Sister Georgia gently placed a hand on Nicci’s forearm. “His Excellency questioned us about it, that’s all, Sister. Let her go. Please?”
Nicci released the woman but turned her glare on Sister Georgia. “Questioned you? What do you mean? What did he say?”
“He simply wanted to know if we knew why he was from time to time blocked from your mind.”
“He hurt us,” Sister Rochelle said. “He hurt us with his questions, because we had no answer. We don’t understand it.”
For the first time, Nicci did.
Sister Aubrey comforted her throat. “What is it with you, Sister Nicci? Why is it His Excellency is so curious about you? Why is it you can resist him?”
Nicci turned and walked away. “Thank you for the help, Sisters.”
“If you can be free of him, why do you not leave?” Sister Georgia called out.
Nicci turned back from the doorway. “I enjoy seeing Jagang torment you Witches of the Light. I stay around so that I might watch.”
They were unmoved by her insolence—they were accustomed to it.
“Sister Nicci,” Rochelle said, smoothing back her frizz of hair. “What did you do that made His Excellency so angry?”
“What? Oh, that. Nothing of importance. I just had the men tie Commander Kardeef to a pole and roast him over a fire.”
The three of them gasped as they straightened as one. They reminded Nicci of three owls on a branch.
Sister Georgia fixed Nicci with a grim glare, a rare blaze of authority born of seniority.
“You deserve everything Jagang does to you, Sister—and what the Keeper will do to you, too.”
Nicci smiled and said, “Yes, I do,” before ducking through the tent opening.
Chapter 10
The city of Fairfield had returned to a semblance of order. It was the order of a military post. Little of what could be said to make a city was left. Many of the buildings remained, but there were few of the people who had once lived and worked in them. Some of the buildings had been reduced to charred beams and blackened rubble, others were hulks with windows and doors broken out, yet most were much the same as they had been before, except, of course, that all had been emptied in the wanton looting. The buildings stood like husks, only a reminder of past life.
Here and there, a few toothless old people sat, legs splayed, leaning against a wall, watching with empty eyes the masses of armed men moving up and down their streets. Orphaned children wandered in a daze, or peered out from dark passageways. Nicci found it remarkable how quickly civilization could be stripped from a place.
As she walked through the streets, Nicci thought she understood how many of the buildings would feel if they could feel: empty, devoid of life, lacking purpose while they waited for someone to serve; their only true value being in service to the living.
The streets, populated as they were by grim-faced soldiers, gaunt beggars, the skeletal old and sick, wailing children, all amongst the rubble and filth, looked much like some of the streets Nicci remembered from when she was little. Her mother often sent her out to streets like this to minister to the destitute.
“It’s the fault of men like your father,” her mother had said. “He’s just like my father was. He has no feelings, no concern for anyone but himself. He’s heartless.”

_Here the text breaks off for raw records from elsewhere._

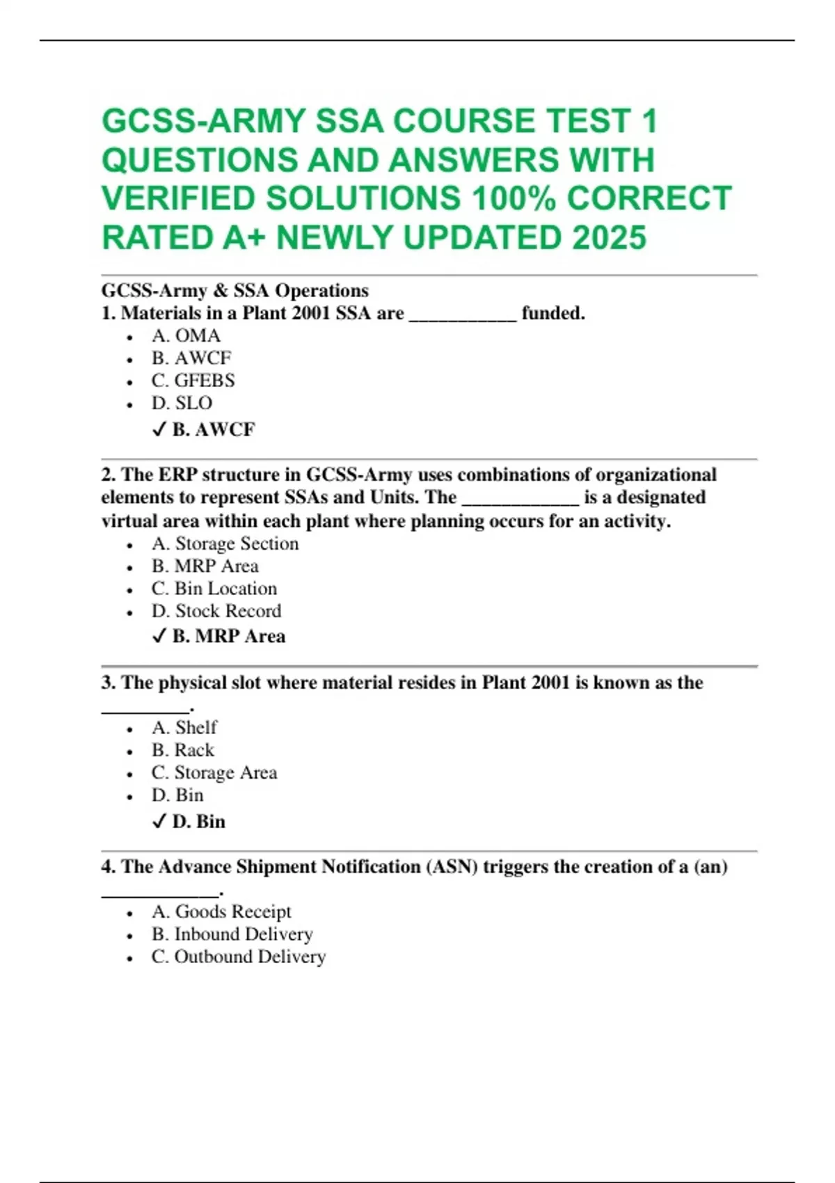 GCSS-ARMY SSA COURSE TEST 1 QUESTIONS AND ANSWERS WITH VERIFIED SOLUTIONS 100% CORRECT RATED A+ NEWLY UPDATED 2025
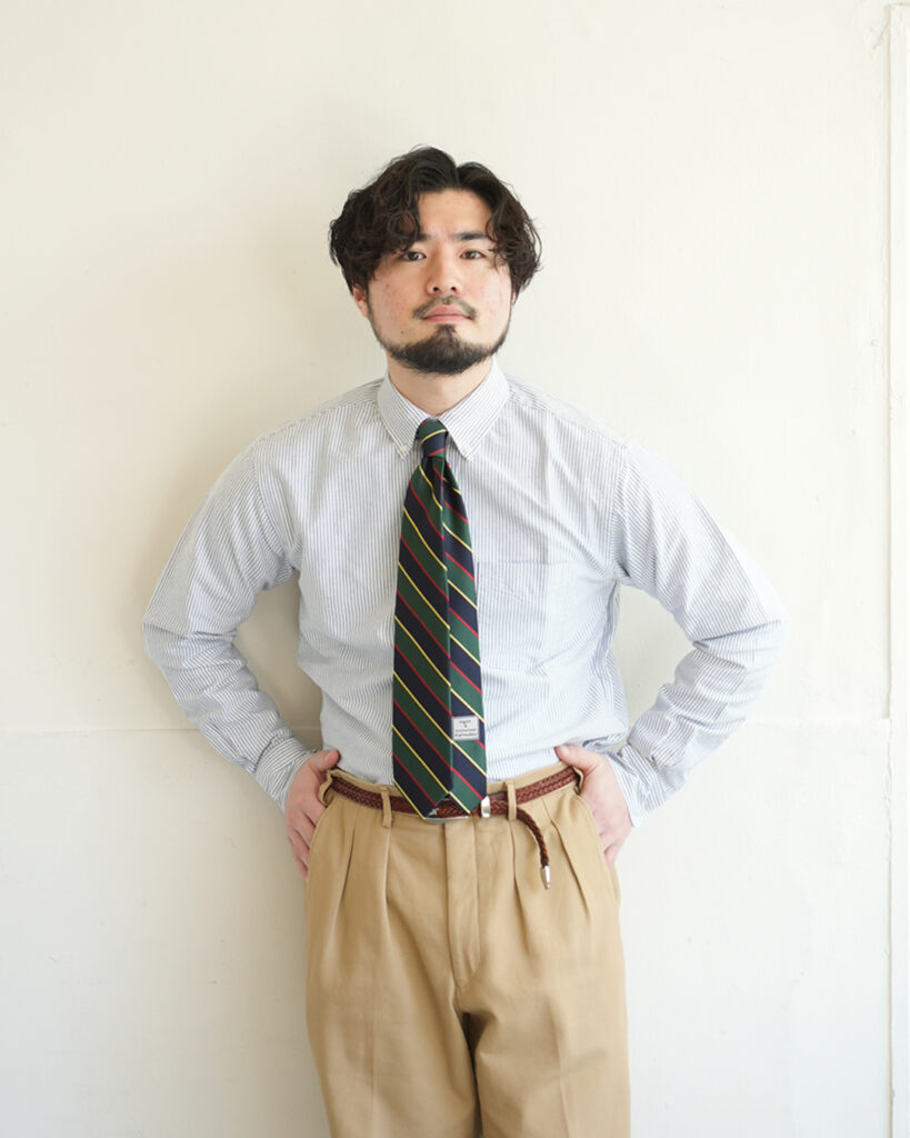 ストライプのピッチや色使いのおかげでか、どこか堅苦しさがなく、普段着にも自然と馴染むのが魅力です。
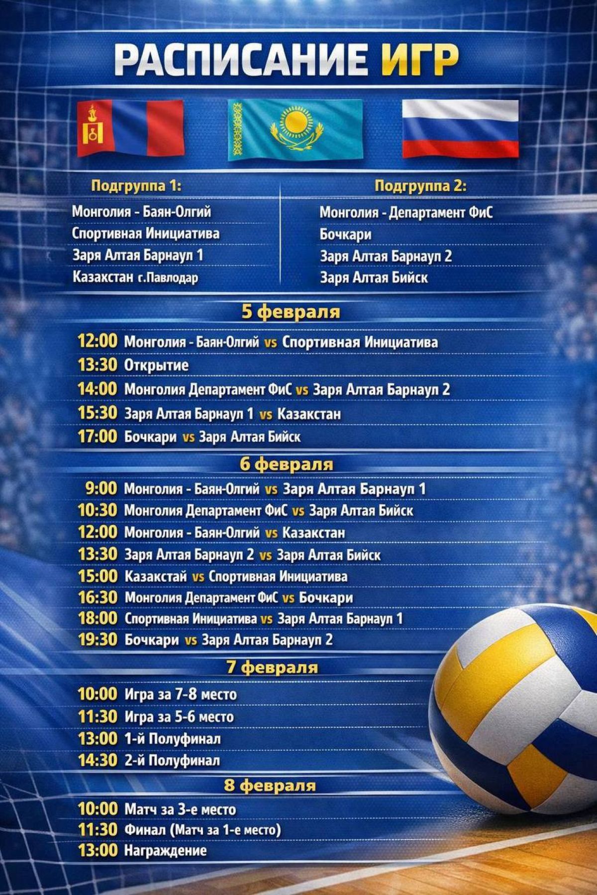 5−8 февраля. Бочкари. СК «Спорт лайф». Международный турнир среди юношей до 16 лет, посвященный Дню рождения волейбола
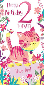 Send them happy birthday wishes on their second birthday with this age 2 birthday card. This age 2 birthday card has a cute cat design with a hot foil finish. This greeting card has a full colour print inside. This greeting card is designed in the UK

Nicci had stood, wearing a freshly washed, frilly blue dress, her hair brushed and pinned back, her hands hanging at her sides, listening as her mother lectured on good and evil, on the ways of sin and redemption. Nicci hadn’t understood a lot of it, but in later years it would be repeated until she would come to know every word, every concept, every desolate truth by heart.
Nicci’s father was wealthy. Worse, to Mother’s way of thinking, he wasn’t remorseful about it. Mother explained that self-interest and greed were like the two eyes of a monstrous evil, always looking for yet more power and gold to feed its insatiable hunger.
“You must learn, Nicci, that a person’s moral course in this life is to help others, not yourself,” Mother said. “Money can’t buy the Creator’s blessing.”
“But how can we show the Creator we’re good?” Nicci asked.
“Mankind is a wretched lot, unworthy, morbid, and foul. We must fight our depraved nature. Helping others is the only way to prove your soul’s value. It’s the only true good a person can do.”
Nicci’s father had been born a noble, but all his adult life he had worked as an armorer. Mother believed that he had been born with comfortable wealth, and instead of being satisfied with that, he sought to build his legacy into a shameless fortune. She said wealth could only be had by fleecing it from the poor in one fashion or another. Others of the nobility, like Mother and many of her friends, were content not to squeeze an undeserved share from the sweat of the poor.
Nicci felt great guilt for Father’s wicked ways, for his ill-gotten wealth. Mother said she was doing her best to try to save his straying soul. Nicci never worried for her mother’s soul, because people were always saying how caring, how kindhearted, how charitable Mother was, but Nicci would sometimes lie awake at night, unable to sleep with worry for Father, worry that the Creator might exact punishment before Father could be redeemed.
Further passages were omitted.